Даже если это и был приказ отвечать, Дмитрий все равно отмолчался.
– Правильно делаешь. Лучше думай, как ты все это станешь объяснять теперь. А придется, Гонта. Дальше еще интереснее. Тогда к делу подключился СМЕРШ. Его только формировали, никто толком ничего не знал. Но группа выезжала в тот же день. Я и эти рапорта с отчетами запросил. Конечно, там затоптали местность кругом. Только это ведь особый отдел работал. Солдаты окрестности прочесывали, не до мелочей. Смершевцы же задачу свою поняли сразу. Сделали, что могли, и постарались, как следует. Тогда я не слишком вникал в материалы. Вдовина не вернуть, фронт наступал, НКВД без того хлопот хватало. Теперь же, когда меня в Чернигов назначили, а потом твоя личность в связи с этой историей в Бахмаче всплыла, загрызли мысли: а ведь знакомое что-то… Гонта, фамилия приметная. Сделал запрос. Да, тот самый Дмитрий Гонта, теперь майор, тогда – капитан, героически отбивший нападение немецких диверсантов. В бою погиб начальник особого отдела гвардейского полка Василий Вдовин. А старшина, который за рулем сидел, живой остался. Весь бой провалялся в кустах без сознания. Бывает такое? Я тебя слушаю, майор.
– На войне всякое бывало.
– Вот-вот. Война все спишет. Правильно рассчитали. Я тебе, Гонта, только несколько фактов озвучу. Все в рапортах изложено. По отдельности ничего не значат. И, положа руку на сердце, гибли на фронте каждый день. Солдаты, офицеры, сотрудники особых отделов тоже не редкость. Тем более Вдовин, с твоих же слов, пал смертью храбрых. Заметка в «Красной Звезде» была, на первой полосе, с фотографией в траурной рамке…Короче говоря, никто мелочи не сложил в одну кучу. А меня они не отпускали. Черт знает, не пересекись наши с тобой дорожки здесь, майор, поднял бы я ту историю вообще…
– Не тяните. Мне уже интересно.
– Кто тебе говорить позволил?
Вопрос дополнила зуботычина. После чего Коваль слегка постучал кулаком правой руки о раскрытую ладонь левой. Гонта устоял, теперь уже глядя на подполковника с неприкрытой ненавистью. Тот же, чуть отклонившись, теперь рассматривал арестованного, как некое странное насекомое. Которое можно раздавить – но лучше перед этим посадить в коробочку, гоняя от края до края иголкой.
– Интересно – так слушай.

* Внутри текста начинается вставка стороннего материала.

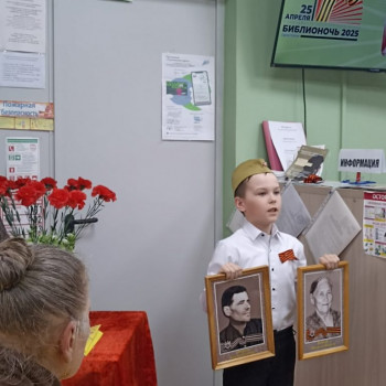 Ежегодная всероссийская акция в поддержку чтения «Библионочь» в четырнадцатый раз прошла в библиотеках страны. Тема акции в этом году – свои герои, связана с главными темами года: Годом защитника Отечества и 80-летием Победы советского народа в Великой Отечественной войне.
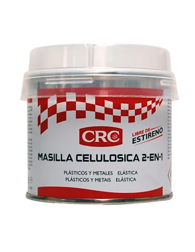 CRC Masilla Celulósica is a fine-finish polyester filler formulated for surface repairs that require a smooth, even finish that sands easily. It comes in a 250 g container with the catalyst already included, ready to use without needing to purchase additional components. It is the standard choice for fine touch-ups before painting or lacquering on bodywork, plastics, wood and metal.
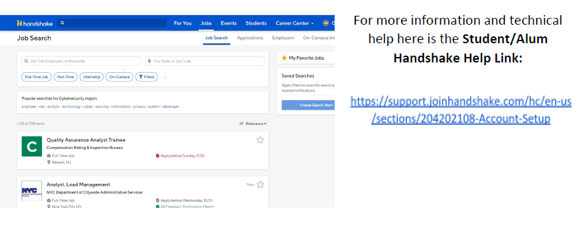 For more information and technical help here is the Student/Alum Handshake Help Link:
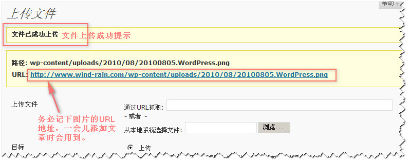 推荐的上传图片方法为使用菜单“工具”→“上传文件”功能,使用方法很简单,即进入该功能后,选择“从本地系统选择文件”,点击“浏览...”按钮,从本地选中图片。其他选项(“目标”、“选项”)默认即可,最后选择“上传”,系统会将选中的图片上传至默认文件夹(wp-content/uploads 目录)中,同时提示“文件已成功上传”,并显示出文件的路径,此时需要务必记录该路径,因为一会儿添加文章时需要使用。
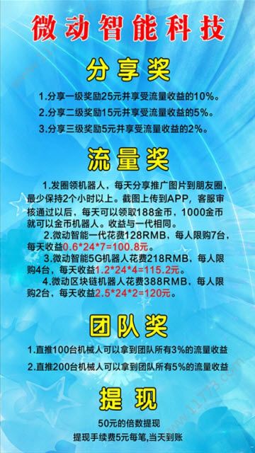 4.微动区块链机器人花费388RMB,每人限购2台,每天收益2.5*24*2=120元。
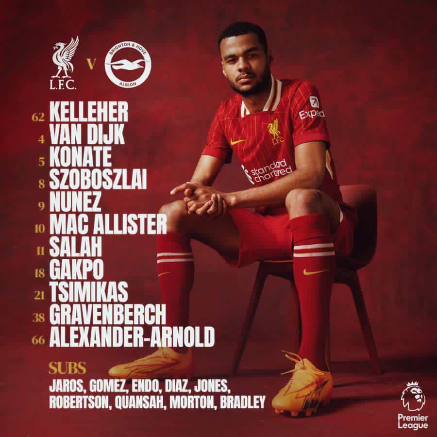 تشكيل ليفربول الرسمي ضد برايتون في الدوري الإنجليزي الممتاز
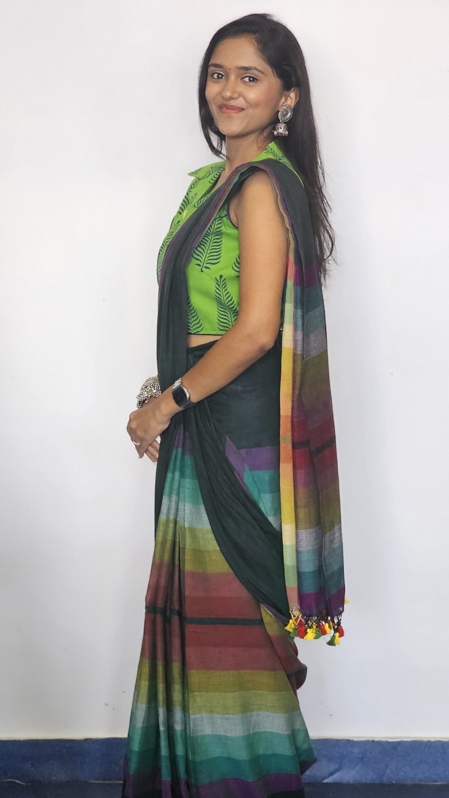 Each piece is a work of art! The multicolor handloom saree is woven with precision by skilled artisans, preserving the beauty of traditional craftsmanship. The intricate weaving patterns and vibrant hues make every saree unique, celebrating India’s rich textile heritage.
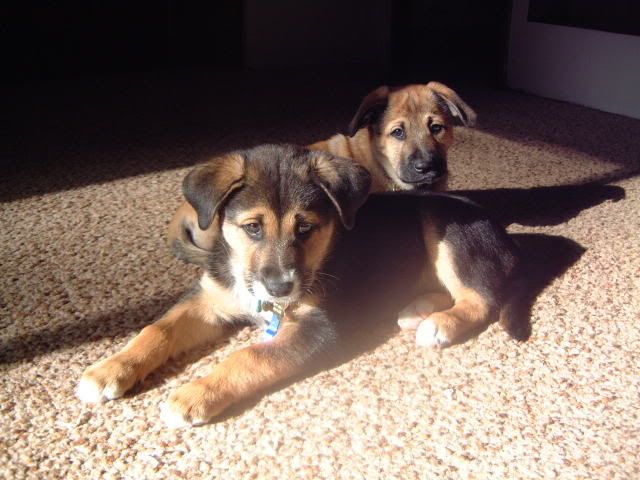 The woman said the dad was some mix, probably, and had flop-ears. We're hoping the shepherd in them will get the ears to perk up, though. Speed has been like 'I won't love them as much if their ears don't perk DX'
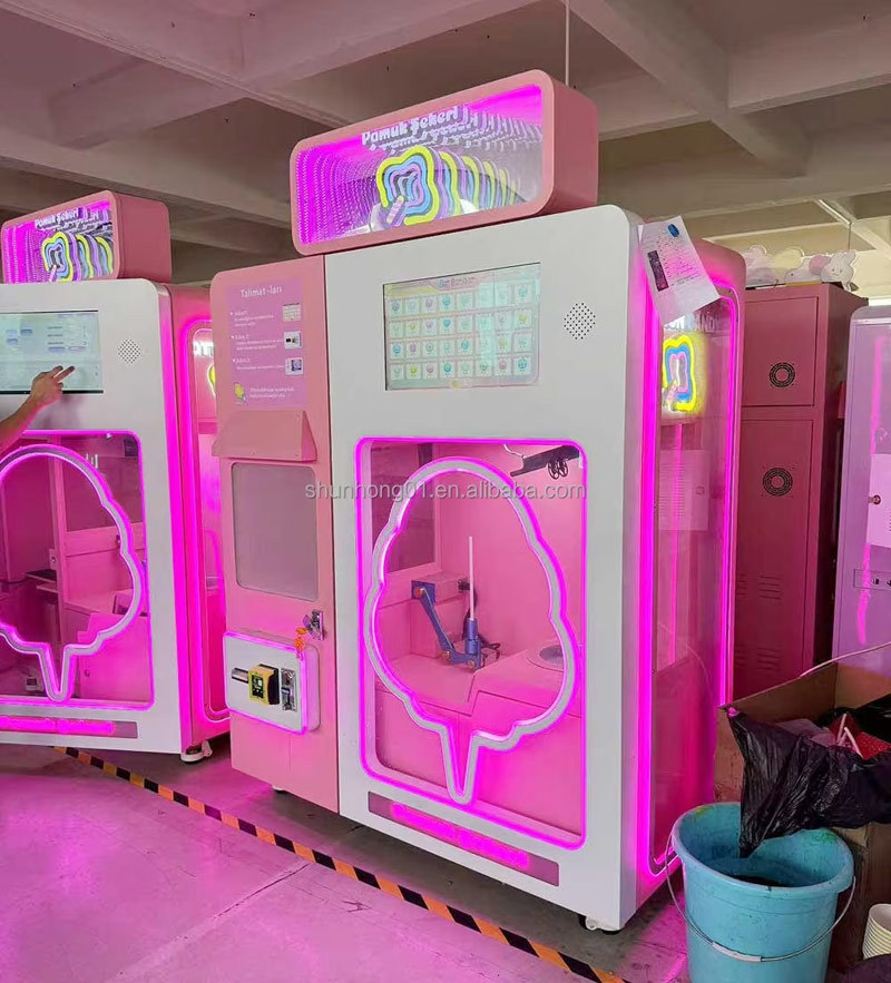 완전 자동 마시멜로 기계, 상업용 수출용, 관광지용, 무인 판매기, 60가지 색상 판매기, 스마트 현금 및 카드 결제
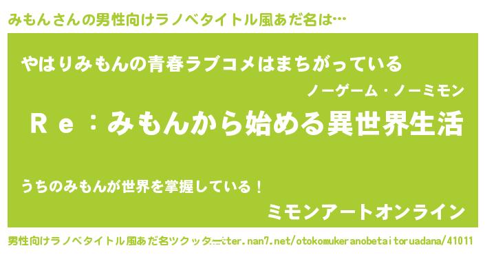 | 意味不明あだ名 | 『自称みもん』『みもんフォーエバー』 |
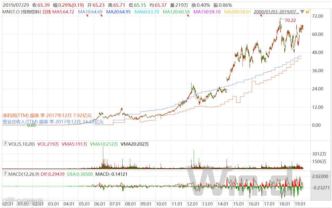 怪物饮料,股价涨幅71倍!

Факт первый. – Разжав кулак, Коваль загнул мизинец. – Шофера-старшину враги не убили, хотя могли и ситуация того требовала. Факт номер два. – Загнулся безымянный палец. – Дорога, по которой ехала ваша машина, укатана. Дождь накануне прошел. Не сильный, но достаточный, чтобы грунт стал мягким. Нашли на нем следы протектора от «виллиса» вашего. Сапогами тоже натоптали. Ни одной немецкой подошвы. Нигде, майор. Ладно, в лесу ничего не осталось. А вот мимо дороги диверсанты, или кто они там, пройти вряд ли могли. Прочему не нашли отпечатков? И третий факт лови. – К двум загнутым пальцам присоединился третий, средний. – Смершевцы обследовали периметр. Нашли окурок. Не деревянный, относительно свежий на время обнаружения. Или немцы смолили там, в лесу, наш родной солдатский самосад, или кто-то сидел в засаде и поджидал «виллис». Курить в засаде нельзя. Чего ж нарушили? А потому, майор, что курившие ничего и никого не опасались! Мало? Четвертый факт. – Согнулся указательный. – Смершевцы нашли кучу немецких стреляных гильз. Но осмотр места, где вы с Вдовиным приняли бой, показал: прицельно били только по нему, остальные выстрелы были сделаны хаотично. И наконец, факт номер пять. – Ладонь Коваля снова превратилась в кулак. – С кем вы воевали? Ты лично с кем воевал, от кого отбился? Сколько бы немцев там ни налетело, если среди них нет потерь, они легко могли взять тебя в клещи. Унесли раненых или убитых? Смысл? Вот и выходит, Гонта, – подозрительный ты человек. Недоработали с тобой в свое время… герой-разведчик. По прошлому случаю у меня к тебе накопились вопросы, ответы на которые подводят к малоприятным для тебя выводам. Раз так, чего уж говорить про вчерашнюю диверсию… А в свете того, что ты уже знаешь, иначе как диверсией назвать твои действия не могу. И последнее, Гонта: за каким таким делом Васька Вдовин вез тебя тогда в особый отдел фронта?
Ответа Коваль не ждал.
Сжатый кулак снова врезался в лицо арестованного.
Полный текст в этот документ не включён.